Norman Roule, who served 34 years in the CIA and retired last year as the national intelligence manager for Iran, said the lack of a tougher European response, especially in the wake of Iran’s support of terrorism on the continent, has likely sent a message to Tehran: “You can get away with pretty much anything.”

Roule said that Iran has been testing the limits of European and American resolve for decades. The regime has launched cyberattacks, supported terrorist groups, and, in 2013, plotted to kill the Saudi ambassador to the United States at a fashionable restaurant in Washington - an attack Roule said would likely have inflicted civilian casualties. All those events saw little tangible response, he said.

“My fear is that Iran may well believe they have yet to reach our red line, and this is a recipe for further attacks,” Roule said.

While US officials have accused Iran’s top leaders of being behind the biggest plots, Iranian intelligence factions have sometimes acted in competition with one another, with little apparent coordination with the country’s ruling clerics, former US officials said. Some think that pattern may be repeating now.

“It is not always the case that a senior [Iranian] official says, ‘Go and do this,’ “ said Matthew Levitt, a former counterterrorism official with the Treasury Department and FBI. “Sometimes initiative - even stupid initiative, even initiative that fails - is smiled upon within this system.”

In light of the operations in Europe and the United States, it’s not clear that the Iranian leadership is in control of its own operatives, said intelligence officials in multiple countries.

One German official said that based on his government’s discussions with Iranian President Hassan Rouhani and Foreign Minister Mohammad Javad Zarif, Iran’s leaders understand that an attack in the heart of Europe could do irreparable damage to their country’s relationship with the remaining signatories to the nuclear deal.

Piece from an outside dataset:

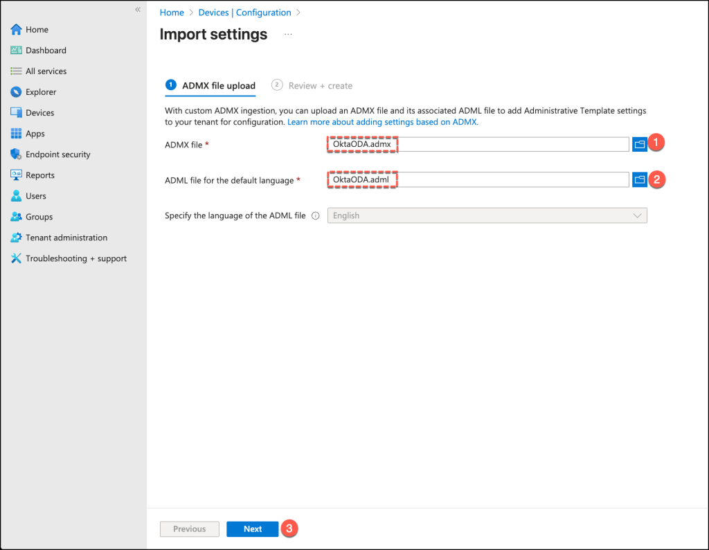 2. Click “Browse” or drag and drop your corresponding Okta.adml file

But there is also a parallel power structure in Iran, and as domestic unrest grows and more Iranians die fighting in Iraq and Syria, Iranian hard-liners elsewhere in the government could push for a show of force against the West, the German official said.

The two Iranian men arrested for spying inside the United States were under surveillance by the FBI for an extended period of time, with their travel inside and outside the country tracked, according to a criminal complaint filed in the case.

The two men also appeared to be pressed for time. The alleged agent with dual Iranian and American citizenship urged his associate, who lived in California, to hand over photographs and other material he’d been gathering for target packages. But the California man “expressed some frustration,” according to the complaint, because he wanted more time to get the materials in order.

“I don’t like to do it this way . . . I like to have a complete package, meaning that there is no gap in information,” he said.